In your childhood you have the love and support of your parents. In your marriage you have it from your spouse, if you are or were an athlete you had it from your coach...you get the picture. You need support if you are really going to do this.
Stop hiding from the truth. It is not a big deal. People want to help you. Do not be ashamed of your weight or your size.
When I was in high school, I would cut the size 14 tags out of my jeans so that no one would know. I was truly ashamed of my body. No wonder I couldn't lost the weight. I had no support from myself, much less anyone else.
I want to encourage you to start being a little kinder to yourself. Don't put yourself in the corner anymore (Yes,I mean like Baby from "Dirty Dancing").
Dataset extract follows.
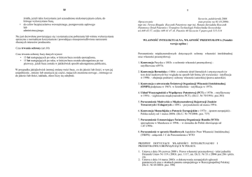 32 • źródła, jeżeli takie korzystanie jest uzasadnione niekomercyjnym celem, do którego wykorzystano bazę, do celów bezpieczeństwa wewnętrznego, postępowania sądowego lub administracyjnego. Nie jest dozwolone powtarzające się i systematyczne pobieranie lub wtórne wykorzystanie sprzeczne z normalnym korzystaniem i powodujące nieusprawiedliwione naruszenie słusznych interesów producenta. 1 Szczecin, październik.2006 Opracowanie stan prawny na 03.10.2006r. mgr inż. Teresa Biegała Rzecznik Patentowy mgr inż. Renata Zawadzka Rzecznik Patentowy Dział Patentów i Transferu Technologii Politechnika Szczecińska tel.449 43 57, tel/fax 449 41 47 Al. Piastów 48 Szczecin V piętro pok 515-514 WŁASNOŚĆ INTELEKTUALNA, WŁASNOŚĆ PRZEMYSŁOWA (Notatkiwersja ogólna ) Czas trwania ochrony (art.10) Czas trwania ochrony bazy danych wynosi • 15 lat następujących po roku, w którym baza została sporządzona, • 15 lat następujących po roku, w którym baza została udostępniona po raz pierwszy, jeżeli baza została w jakikolwiek sposób udostępniona publicznie, W przypadku jakiejkolwiek istotnej zmiany treści bazy, co do jakości lub ilości, w tym jej uzupełnienia , zmiany lub usunięcia jej części, mających znamiona nowego , istotnego co do jakości lub ilości, nakładu, okres liczy się odrębnie. Porozumienia międzynarodowych dotyczących ochrony własności intelektualnej oraz własności przemysłowej: 1. Konwencja Paryska z 1883r. o ochronie własności przemysłowej ratyfikowana wl975r. 2. Konwencja Berneńska z 1886r. o ochronie dzieł literackich i artystycznych (w tym dziel naukowych bez względu na sposób lub formę ich wyrażenia) - ratyfikacja w 1990r. - obejmuje podstawy ochrony własności autorskiej (prawa autorskie). 3. Konwencja o utworzeniu Światowej Organizacji Własności Intelektualnej (OMPI) podpisana w 1967r. w Sztokholmie - ratyfikacja w 1975r. 4. Układ Waszyngtoński o Współpracy Patentowej (PCT) z 1970r. - ratyfikowany w 1991r. - (zgłoszenie międzynarodowe PCT). (Dz.U. Nr 70/1991r. poz.303) 5. Porozumienie Madryckie o Międzynarodowej Rejestracji Znaków Towarowych i Usługowych z 1891r. - przynależność od marca 1991r. 6. Konwencja Monachijska o Patencie Europejskim z 1973r. - (patent europejski) Polska należy od 1 marca 2004r. (Dz.U. Nr 79/2004r. poz. 737) 7. Porozumienie Ustanawiające Światową Organizacje Handlu (WTO) sporządzone w Marakeszu w 1994r. - w stosunku do Polski obowiązuje od 1.07.1995r. 8. Porozumienie w sprawie Handlowych Aspektów Praw Własności Intelektualnej (TRIPS) - załącznik 1 C do Porozumienia o WTO PRZEPISY DOTYCZĄCE WŁASNOŚCI INTELEKTUALNEJ PRZEMYSŁOWEJ OBOWIĄZUJĄCE W POLSCE: I 1. Ustawa z dnia 30 czerwca 2000 r. Prawo własności przemysłowej - tekst jednolity Dziennik Ustaw Nr 119 z 2003r. poz. 1117, zm. Dz.U. Nr 33 z 2004r poz.286 i późn. zm. 2. Ustawa z dnia 14 marca 2003r. o dokonywaniu europejskich zgłoszeń patentowych oraz o skutkach patentu europejskiego w Rzeczypospolitej Polskiej (Dz.U. Nr 65/2003r. poz. 598) 2 3. Ustawa o rzecznikach patentowych z dnia 11 kwietnia 2001r. - Dz.U. Nr 49 z 2001 r. poz.509 4. Rozporządzenie Rady Ministrów z dnia 29.08.2001 w sprawie opłat związanych z ochroną wynalazków , wzorów użytkowych, wzorów przemysłowych, znaków towarowych, oznaczeń geograficznych i topografii układów scalonych. (Dz.U. 35 z 2004r poz.309). 5. Rozporządzenie Rady Ministrów z dnia 30.08.2001 w sprawie postępowania spornego przed Urzędem Patentowym RP (Dz.U. 92 z 2001r. poz. 1018) 6. Rozporządzenie Ministra Finansów z dnia 21.08.2001 r w sprawie warunków obowiązkowego ubezpieczenia od odpowiedzialności cywilnej rzeczników patentowych (Dz.U.220 z 2003r poz.2175) 7. Rozporządzenie Prezesa Rady Ministrów z dnia 17.09.200Ir. w sprawie nadania statusu Urzędowi Patentowemu Rzeczypospolitej Polskiej (Dz.U. 101 z 200Ir. poz. 1092) 8. Rozporządzenie Prezesa Rady Ministrów z dnia 17.09.2001r. w sprawie dokonywania i rozpatrywania zgłoszeń wynalazków i wzorów użytkowych. (Dz.U.102 z 2001r poz.l 119, zm. Dz.U.109z2005r.poz.910) 9. Rozporządzenie Prezesa Rady Ministrów z dnia 19.10.2001r. w sprawie dokonywania i rozpatrywania zgłoszeń topografii układów scalonych (Dz.U. Nr 128 z 2001r. poz. 1413) 10. Rozporządzenie Prezesa Rady Ministrów z dnia 30. 01.2002r. w sprawie dokonywania i rozpatrywania zgłoszeń wzorów przemysłowych (Dz.U. 40 z 2002r. poz. 358, zm. Dz.U. 106 z 2005 r. poz.893) 11. Rozporządzenie Prezesa Rady Ministrów z dnia 25.04.2002r. w sprawie dokonywania i rozpatrywania zgłoszeń oznaczeń geograficznych (Dz.U. 63 z 2002r.poz.570) 12. Rozporządzenie Prezesa Rady Ministrów z dnia 6.06.2002r.r. w sprawie rejestrów prowadzonych przez Urząd Patentowy Rzeczypospolitej Polskiej (Dz.U. 80 z 2002r. poz.723, zm. Dz.U. 109 z 2005r. poz. 912) 13. Rozporządzenie Prezesa Rady Ministrów z dnia 8.07.2002r. w sprawie dokonywania i rozpatrywania zgłoszeń znaków towarowych (Dz.U. 115 z 2002r. poz.998, zm. Dz.U, 109 z 2005 r. poz. 911). 14. Ustawa z dn. 16 kwietnia 1993r. o zwalczaniu nieuczciwej konkurencji - tekst jednolity Dz.U. 153/03 poz.1503 zpożn. zm.) 15. Ustawa z dn. 4 lutego 1994r. o prawie autorskim i prawach pokrewnych (tekst jednolity Dz.U. Nr 90 z 2006 r. poz. 631, sprost. Dz.U 121/06 poz. 843) 16. Kodeks Celny z dn. 9 stycznia 1997r. (Dz.U. Nr 23 poz. 117) 17. Rozporządzenia Rady Ministrów z dn. 19 grudnia 1997r. w sprawie sposobu i trybu postępowania organów celnych przy zatrzymaniu towarów w wypadku podejrzenia naruszenia przepisów dotyczących ochrony własności intelektualnej, handlowej i przemysłowej zdn. 19.12.1997r. (Dz.U. Nr 158 poz. 1049, zm. Dz.U. Nr 16 z 1999r. poz.141) 18. Ustawa z dn.15 grudnia 2000r o ochronie konkurencji i konsumentów (Dz. U. Nr 122 poz. 1319) 19. Ustawa z dn. 27 lipca 2001 r. o ochronie baz danych (Dz.U.Nr 128 poz. 1402) 20. Ustawa z dnia 17 grudnia 2004r. o rejestracji i o

There is no way you can shine from there.
I recently have learned this:
I am through hating myself and beating myself up.
I am good person and I have good intentions.
I love others, I love myself and above all I love the Lord.
I want to honor God with my words, my thoughts and my body.
We have all been raised hearing things like, "You should be ashamed of yourself". You may hear this ridiculous phrase after falling asleep at your college graduation, skipping class in high school to make out with your boyfriend, or stealing gum from the store when you were five.
Yep, and these are just 3 of the hundreds of things I have done to be ashamed of myself.
That was the past and you know what? I'm NOT ashamed of myself, I just need some good guidance and a treadmill. But thanks for the suggestion!
Try to be a better person by making better choices. This starts with the choices you make for YOURSELF. By taking care of yourself, everyone around you will benefit. Pray for integrity, wisdom and the understand of what God's love really is. He loves you just the way you are and you should not be ashamed of yourself. But, you should take better care of yourself. That's what I'm doing. Join me. The grass really is greener over here.